In an employment status case recently considered by the Supreme Court, an employer lost its appeal against a decision that an individual was a worker, not an independent contractor and was therefore entitled to some important statutory rights such as paid annual leave.

Largely as a result of  the growth in the “gig economy”, the employment tribunals have been hearing lots of cases recently considering individuals’ employment status and whether they are employees, workers or self-employed independent contractors. This is important to determine as it affects the legal rights a person can claim. For example, only employees can claim unfair dismissal. Unsurprisingly, employers often try to engage staff on the most positive basis for themselves which means they gain maximum flexibility, at the cheapest cost and with minimal legal risk.

The first such case to reach the Supreme Court is Pimlico Plumbers Ltd and Mullins v Smith. The employer lost its appeal against the Court of Appeal’s previous decision that Mr Smith was a worker.

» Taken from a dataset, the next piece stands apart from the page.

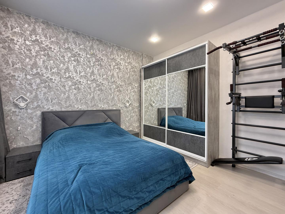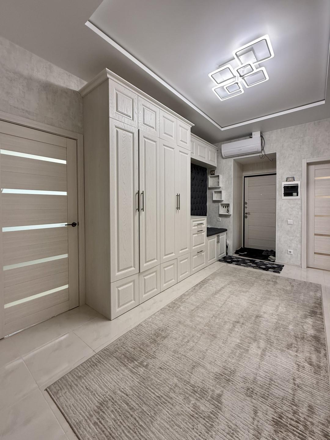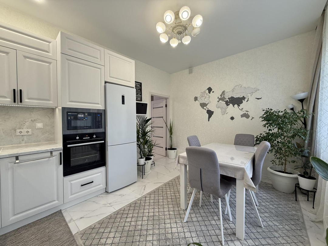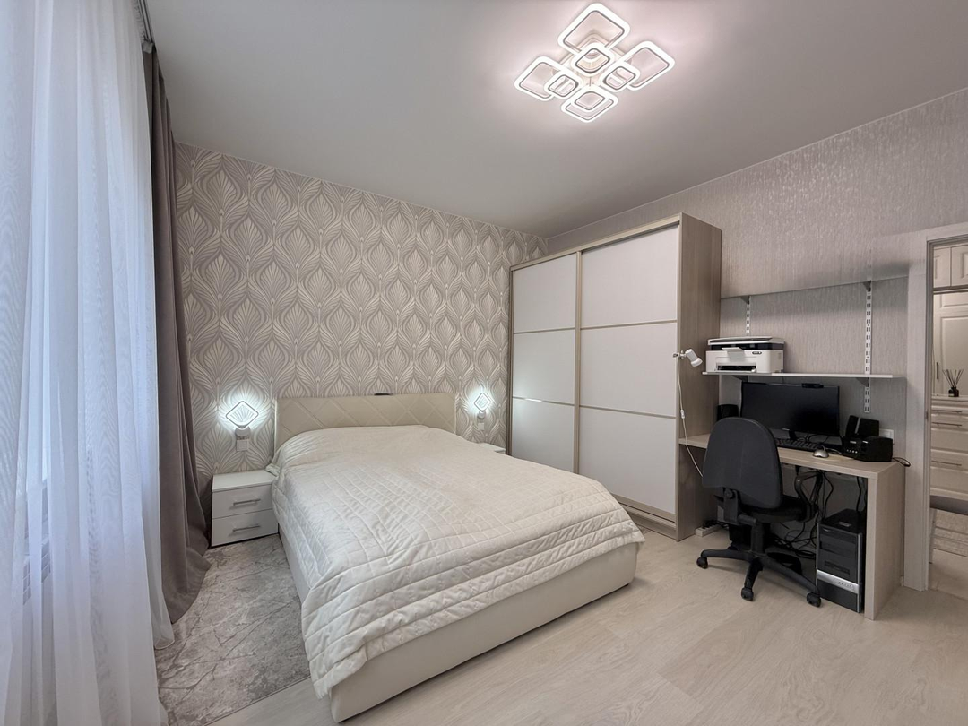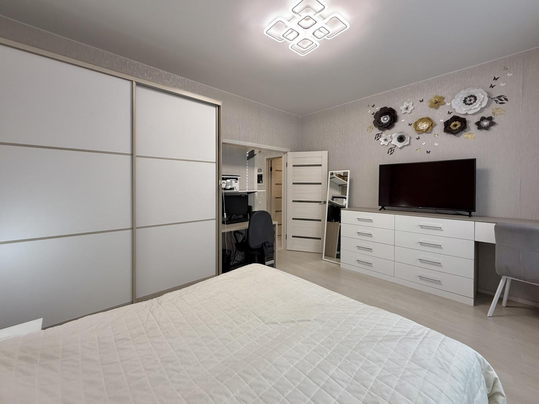 Качество ремонта вызывает восхищение. Выполненный евроремонт продуман до мелочей: установлены пластиковые окна, натяжные потолки, обновленная электрика и выровненные стены, оклеенные дорогими обоями. Санузлы отделаны современным кафелем, а на полу в комнатах и кухне уложен качественный ламинат, в коридоре – керамогранит. Лоджия застеклена и утеплена с панорамным остеклением, а межкомнатные двери и входная металлическая дверь выполнены на высоком уровне.

In this case, Mr Smith worked for Pimlico Plumbers for about 5 and a half years. His contract stated that he was an independent contractor. He was obliged to work 40 hours a week and subject to tight controls by the employer including wearing their uniform and driving a van with their logo on it, although he had to provide his own tools and materials. Mr Smith paid tax on a self-employed basis and was registered for VAT. However, the court found that he was in effect required to give personal service and could not send a substitute to do his work. This appears to have been a major deciding factor in the court’s decision that he was a worker.


This decision was not a surprise as the employment tribunal, Employment Appeal Tribunal and Court of Appeal had all found against the employer.

Although these types of cases  are highly fact specific (and so are not always a useful guide to how other cases may be determined in the future) this appears to demonstrate a trend whereby the courts are generally very skeptical of arrangements by a company to try and argue that individuals providing their services to it are not employees or workers but, in fact, independent contractors.